_Task details_
Here the job is to copy the data exactly and to exclude every image from it.

_Supplied material_
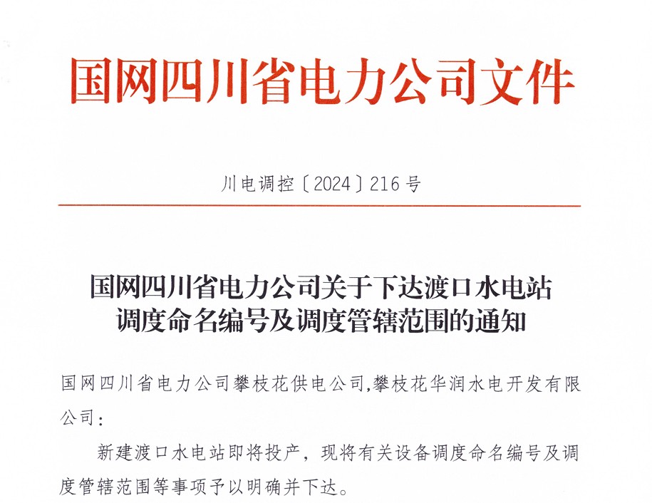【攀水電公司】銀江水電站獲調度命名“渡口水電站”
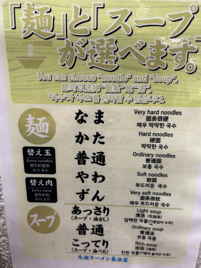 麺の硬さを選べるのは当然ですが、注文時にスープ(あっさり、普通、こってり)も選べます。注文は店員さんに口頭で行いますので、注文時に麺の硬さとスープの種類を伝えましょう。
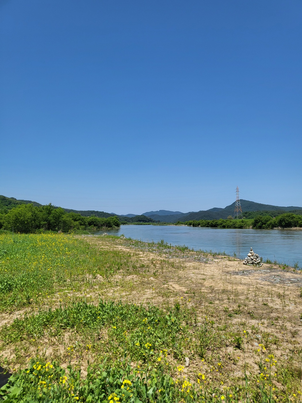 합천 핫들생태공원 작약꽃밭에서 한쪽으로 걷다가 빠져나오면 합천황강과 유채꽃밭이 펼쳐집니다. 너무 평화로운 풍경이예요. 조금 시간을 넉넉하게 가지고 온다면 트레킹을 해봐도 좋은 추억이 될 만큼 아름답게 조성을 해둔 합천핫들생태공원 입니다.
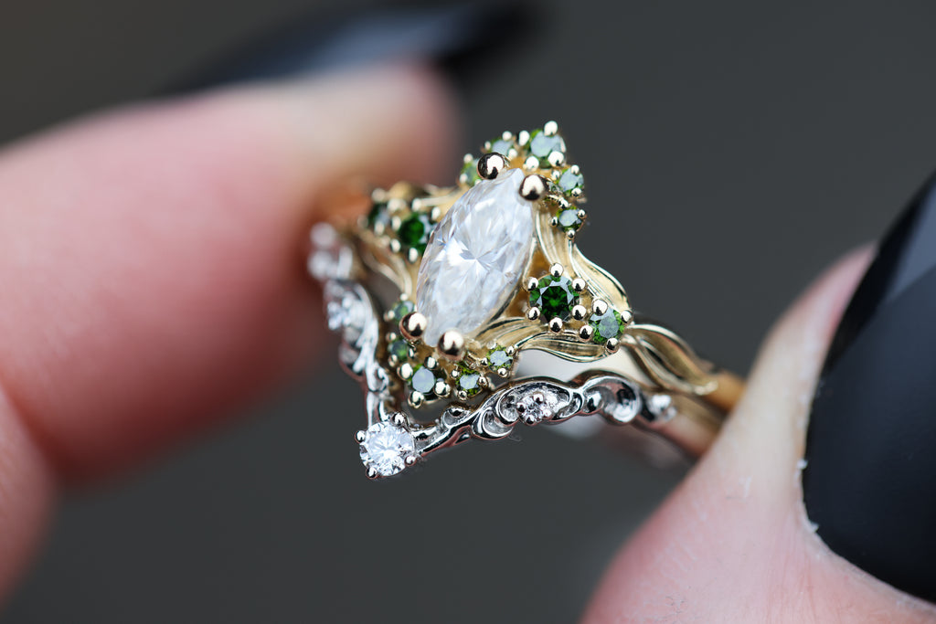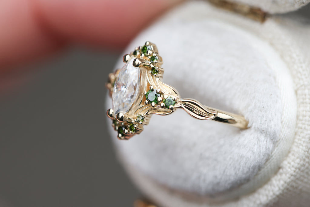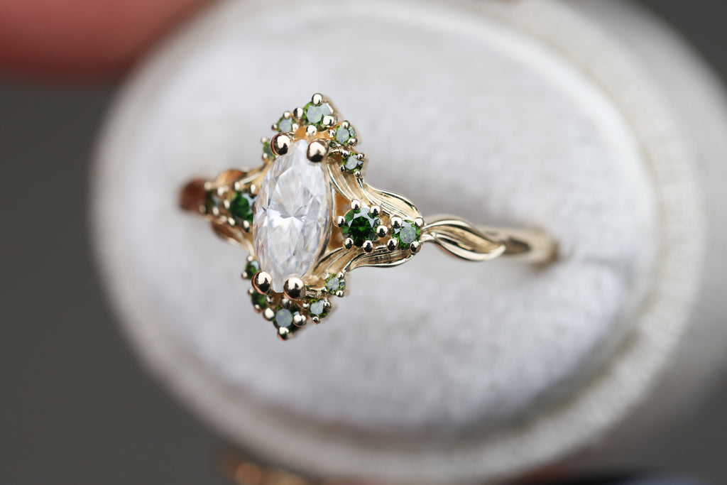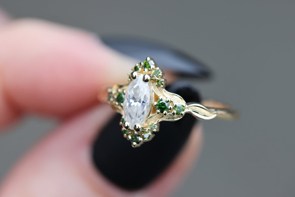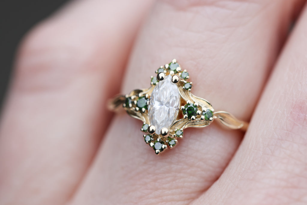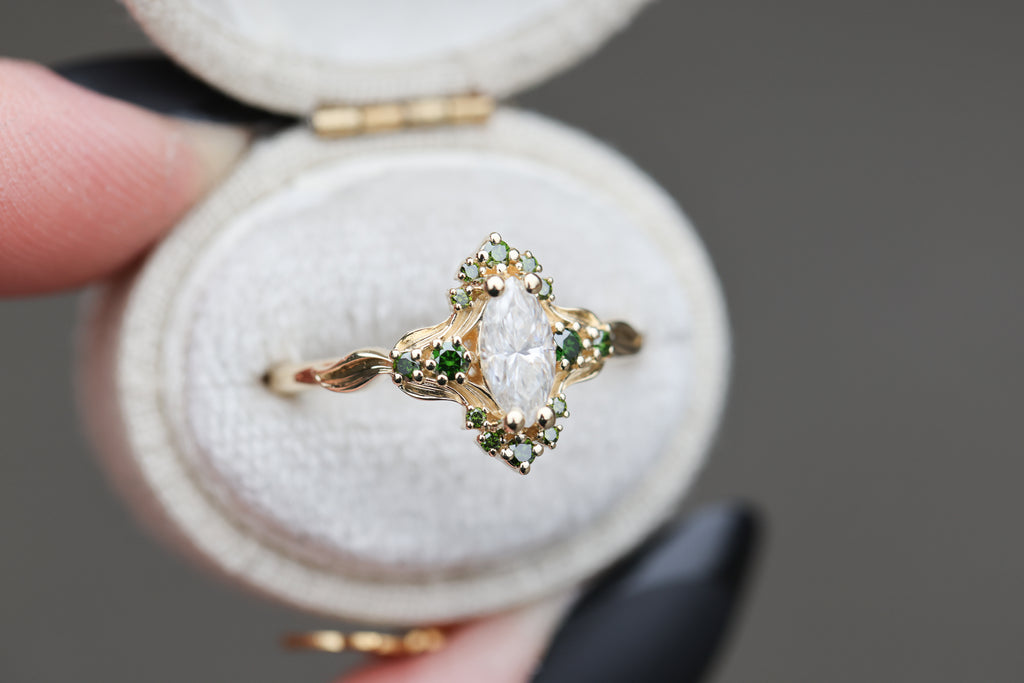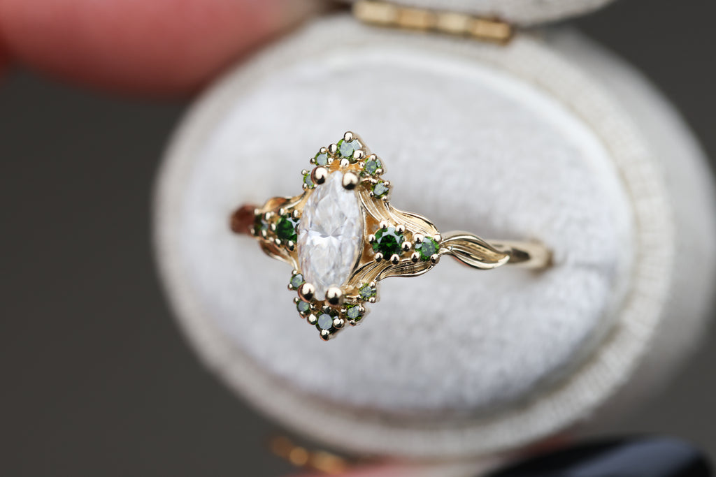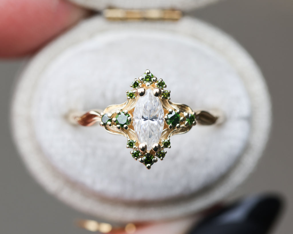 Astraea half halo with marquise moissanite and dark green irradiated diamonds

_Task result_
【攀水電公司】銀江水電站獲調度命名“渡口水電站”
 麺の硬さを選べるのは当然ですが、注文時にスープ(あっさり、普通、こってり)も選べます。注文は店員さんに口頭で行いますので、注文時に麺の硬さとスープの種類を伝えましょう。
 합천 핫들생태공원 작약꽃밭에서 한쪽으로 걷다가 빠져나오면 합천황강과 유채꽃밭이 펼쳐집니다. 너무 평화로운 풍경이예요. 조금 시간을 넉넉하게 가지고 온다면 트레킹을 해봐도 좋은 추억이 될 만큼 아름답게 조성을 해둔 합천핫들생태공원 입니다.
 Astraea half halo with marquise moissanite and dark green irradiated diamonds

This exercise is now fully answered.